# Canadian soldier found dead on Kandahar base



## RackMaster (Mar 12, 2008)

RIP Bombardier Ouellet.

I hope this brings greater light on shortfalls in the pre-deployment psychological screening, as he was only there a couple of weeks. 



> *Canadian soldier found dead on Kandahar base*
> 
> *Soldier was from Quebec, but based in Manitoba*
> 
> ...


----------



## pardus (Mar 12, 2008)

Hmmm *IF* this is what I think it is at least one person fucked up, the Bmdr, his chain of command and/or a psych officer.

No reason/excuse for this in a fucking war zone.


----------



## RackMaster (Mar 12, 2008)

pardus762 said:


> Hmmm *IF* this is what I think it is at least one person fucked up, the Bmdr, his chain of command and/or a psych officer.
> 
> No reason/excuse for this in a fucking war zone.

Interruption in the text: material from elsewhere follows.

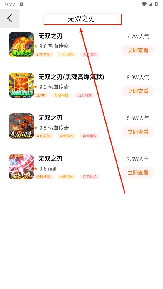 点击页面顶部的搜索框,只需一键操作,就能搜索到你钟爱的游戏,像“无双之刃”就可以这样查找。
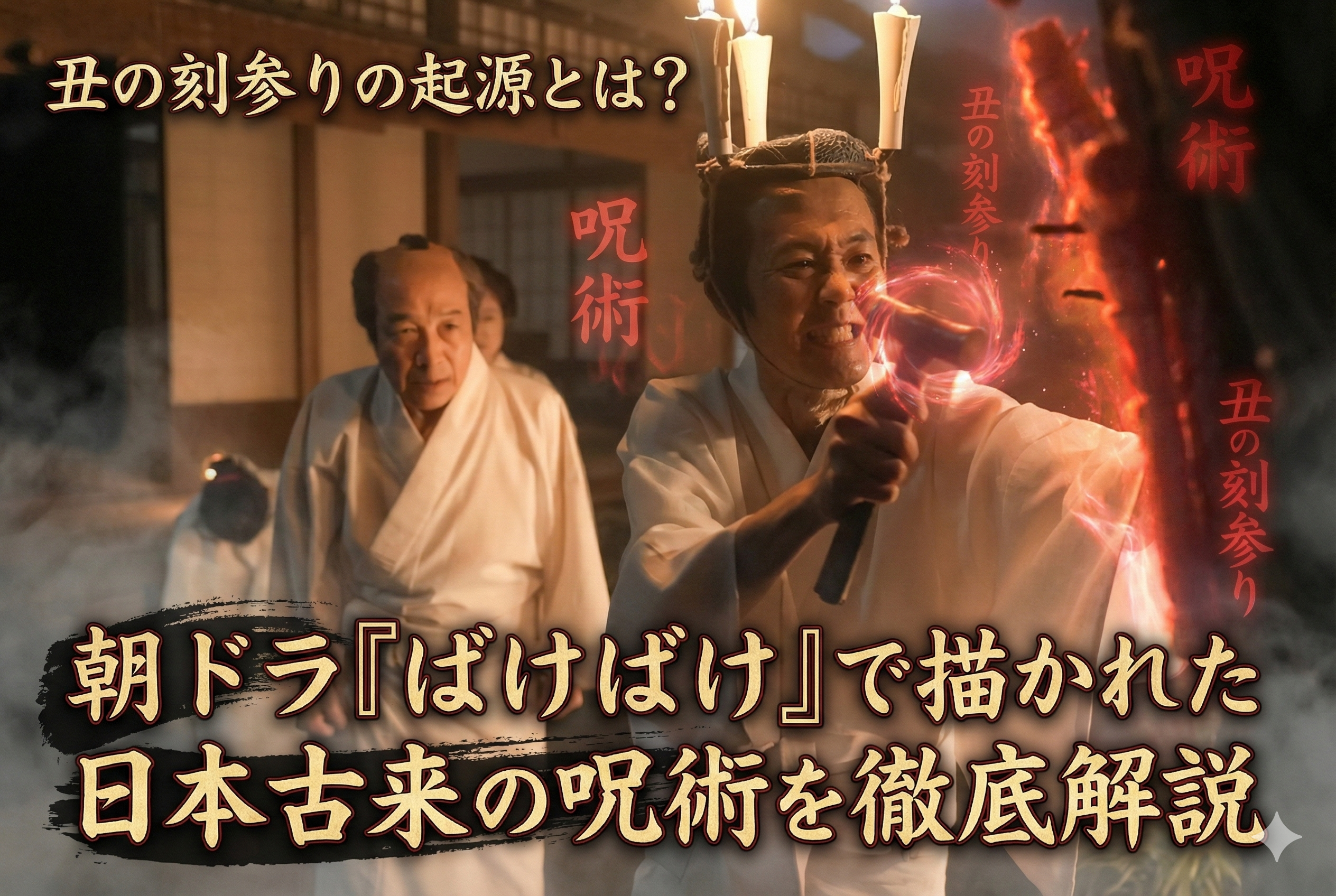 丑の刻参りとは、深夜の丑の刻(午前1時から3時頃)に神社の御神木へ藁人形を五寸釘で打ち付け、特定の相手を呪う日本古来の呪術儀礼です。その起源は鎌倉時代の「宇治の橋姫」伝説にまで遡り、嫉妬に狂った女性が貴船神社で生きながら鬼となった物語が原型とされています。2025年3月31日から放送が開始されたNHK連続テレビ小説『ばけばけ』では、第1話の冒頭からこの丑の刻参りのシーンが描かれ、視聴者に強烈な印象を与えました。

That was my first thoughts, if you just look at his picture (which would have been taken shortly before deployment); that's a sad kid right there.  It will take a while to for the investigation to come out, I hope it doesn't find fault in the system or CoC.  But from a personal/professional view of it, there are some major 'gaps' in the system.  There are waiting lists, shortfalls and overall mistrust.  It's the troops themselves that are keeping each other safe/sane, not the system.


----------



## LibraryLady (Mar 12, 2008)

RIP Bombardier Ouellet

Prayers out to your family and brothers in arms

LL


----------